Los guardias de seguridad de countries intercambiando golpes e insultos con propietarios recuerdan a aquella disposición por la cual los playeros de estaciones de servicio no podían expenderle combustible a los motociclistas sin casco. O a los viandantes que se quejan de las manifestaciones; o a los automovilistas que se despachan contra los piquetes.

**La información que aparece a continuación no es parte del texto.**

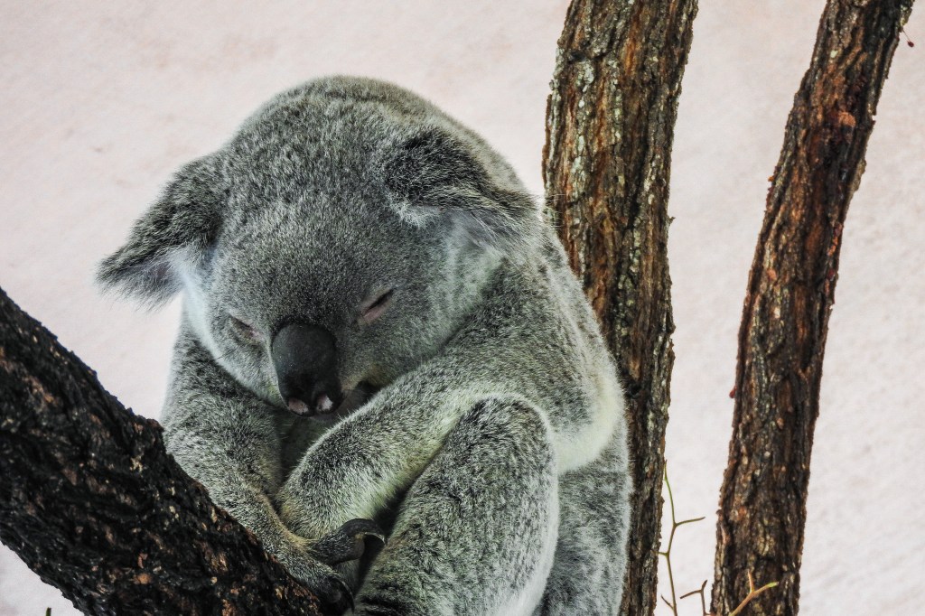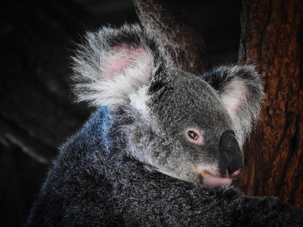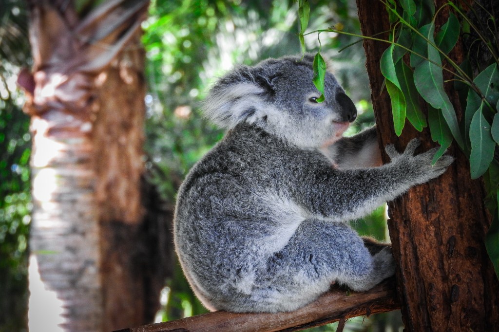 The koala is found in coastal areas of the mainland’s eastern and southern regions, inhabiting Queensland, New South Wales, Victoria, and South Australia. It is easily recognizable by its stout, tailless body and large head with round, fluffy ears and large, spoon-shaped nose.

Las calles se han llenado de gentes que denuncian a las gentes que están en las calles.

Los consorcistas de los edificios intiman a sus vecinos médicos, que luego les salvarán la vida. Los guardianes de la moral se espantan ante las transgresiones y todo el mundo desconfía de todo el mundo.

El miedo a ser asaltado le ha dado paso al miedo a ser contagiado.

Es el sueño húmedo de cualquier Estado: el ciudadano común convertido en policía de su semejante.

El panóptico perfecto.

Sin lugar a dudas, esta situación particular que atravesamos (que si la vemos desde otro ángulo, no refleja otra cosa que la incapacidad del Estado por brindarle al ciudadano un sistema de salud que contemple imponderables como el CoViD19) requiere de medidas extraordinarias.

Pero es en momentos como estos cuando más atentos debemos estar.

Es en estos tiempos de miedo globalizado cuando los Estados –productos de democracias caprichosas y subejecutadas- suelen aprovecharse de su poder de manera discrecional para decidir unilateralmente sobre la vida, la libertad y la intimidad de los ciudadanos.

Los gobiernos de turno utilizan la predisposición de espíritu del burgués asustado para promover el panoptismo comunal.

La pandemia pasará y dejará su inevitable secuela de muertos y pobres. ¿Dejará acaso también, fluyendo por nuestras venas, una infección aún más contagiosa como lo es el fascismo de conciencia colectiva?

Los síntomas son fácilmente reconocibles.

Todos nos miramos de reojo.

Todos somos sospechosos.

Todos estamos contagiados hasta que demostremos lo contrario.